Like its two previous baseball sets, Score's initial football set brought quality to both the fronts and
backs of its cards. The fronts included action photos with a large team helmet logo and the player's name
and position, while card backs included a color photo over the top half, with statistics and well-written
Issued with Sportflics-style lenticular team helmet logo trivia cards, the 1989 Score set also includes
several subsets: 1989 rookies, post-season action, "great combos," All-Pro selections,
"Speedburners," "Predators," record breakers and a single-card tribute to Tom Landry.
A 110-card Score Supplemental set was issued as a factory set through dealers later in the year.
Score's history becomes a bit complicated during the 1990s, but the brand continued to be issued every year.

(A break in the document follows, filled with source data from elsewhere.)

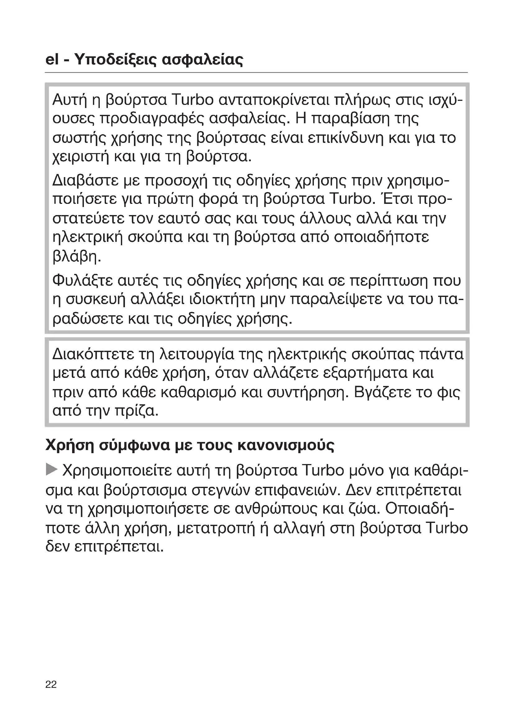 Αυτή η βούρτσα Turbo ανταποκρίνεται πλήρως στις ισχύ- ουσες προδιαγραφές ασφαλείας. Η παραβίαση της σωστής χρήσης της βούρτσας είναι επικίνδυνη και για το χειριστή και για τη βούρτσα. Διαβάστε με προσοχή τις οδηγίες χρήσης πριν χρησιμο- ποιήσετε για πρώτη φορά τη βούρτσα Turbo. Έτσι προ- στατεύετε τον εαυτό σας και τους άλλους αλλά και την ηλεκτρική σκούπα και τη βούρτσα από οποιαδήποτε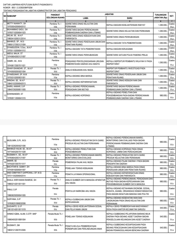 – 35 pejabat Administrator (eselon III) dan Pengawas (eselon IV)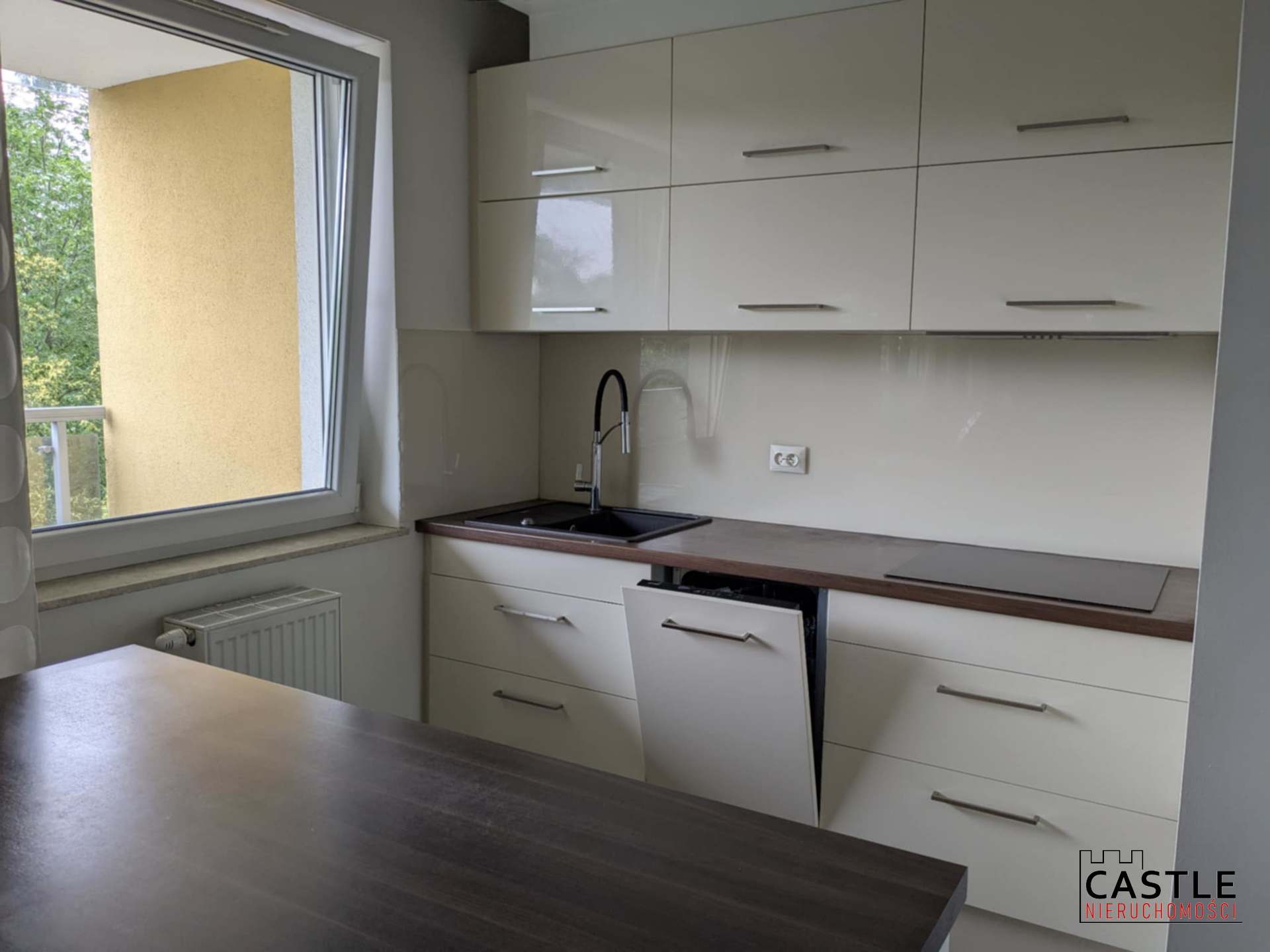Aneks kuchenny – meble w zabudowie, sprzęt AGD (indukcja, piekarnik, zmywarka, lodówka, okap)
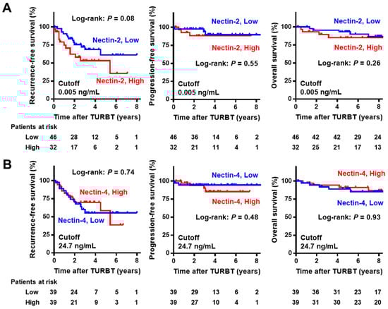 Survival curves after initial transurethral resection in non-muscle-invasive bladder cancer according to the level of Nectin-2 (A) and Nectin-4 (B). The cut-offs for the prognostic performance of urine Nectin-2 and Nectin-4 levels were determined using the median level. In the NMIBC cohort, intravesical recurrence-free survival, progression-free survival, and overall survival from the day of initial TURBT were obtained using the Kaplan–Meier method and compared using the log-rank test. Abbreviations: NMIBC, non-muscle-invasive bladder cancer; MIBC, muscle-invasive bladder cancer; TURBT, transurethral resection of bladder tumors.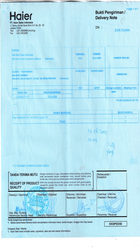 Berangkat, Tiba, Bongkar | 2025-08-14, 2025-08-14, 2025-08-14 |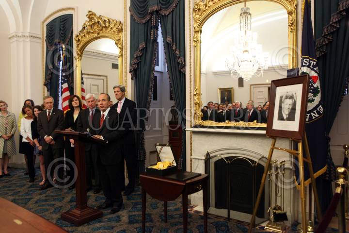 WASHINGTON, D.C., ESTADOS UNIDOS, 20MAYO2010.- Felipe Calderón Hinojosa, presidente de México, durante la ceremonia de entrega postuma de la condecoración de la orden mexicana del aguila azteca al senador Edward Kennedy, que recibió Victoria Kennedy, viuda del senador Kennedy, que tuvo lugar en el salón S116 del capitolio. FOTO: ALFREDO GUERRERO/CUARTOSCURO.COM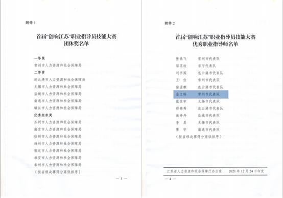 首屆“創響江蘇”職業(yè)指導員技能大賽獲獎(jiǎng)結果於日前揭曉。我校教師金立暢所在的常州市人力資(zī)源和社會保障局代表隊榮獲本屆大賽唯一的團(tuán)體一等獎。金立暢憑借全省個(gè)人排名第六(liù)的好成績,獲得“江蘇(sū)省優秀職業指導師(shī)”稱號。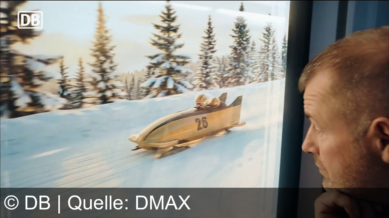 Ein Bob mit der Nummer 26 rast durch eine Schneelandschaft, umgeben von verschneiten Tannen. Zwei Personen tragen Helme darin. Am rechten Bildrand schaut ein Mann durch ein Fenster in Richtung des Bobs. Oben links im Bild befindet sich das DB-Logo.

Following the emerging trend toward upscale brands, Score issued its first "premium" card set in
1992, called Pinnacle. While that first Pinnacle set carried a Score trademark, by the end of 1993 (and
before the introduction of the premium Score Select brand that year) the company had renamed itself as
In 1995, the company purchased the remnants of the venerable Donruss/Leaf company, continuing to issue
Donruss and Leaf sets under the Pinnacle Brands umbrella. Also in 1995, Pinnacle's umbrella would grow to
encompass Action Packed - a company that issued a 30-card test set of Bears, Giants and Redskins players
in 1989 before releasing a full 280-card set of all teams in 1990.
Three years later and after another minor name change, the Pinnacle Trading Card Company went bankrupt
and the rights to its brand names (including the Donruss and Leaf names) were sold to the Playoff card
company in 1998.
Now known as Donruss/Playoff, that company kept the Score brand alive with a 275-card set in 1999 that
included 55 short-printed rookies and subset cards.
A 110-card Score Supplemental set was also issued for the first time since 1991. The 1999 set paid tribute
to Score's history with a set of 20 10th Anniversary reprint cards numbered to 1,989 copies randomly inserted
into packs. Autographed versions of those 20 cards were also available in hobby packs.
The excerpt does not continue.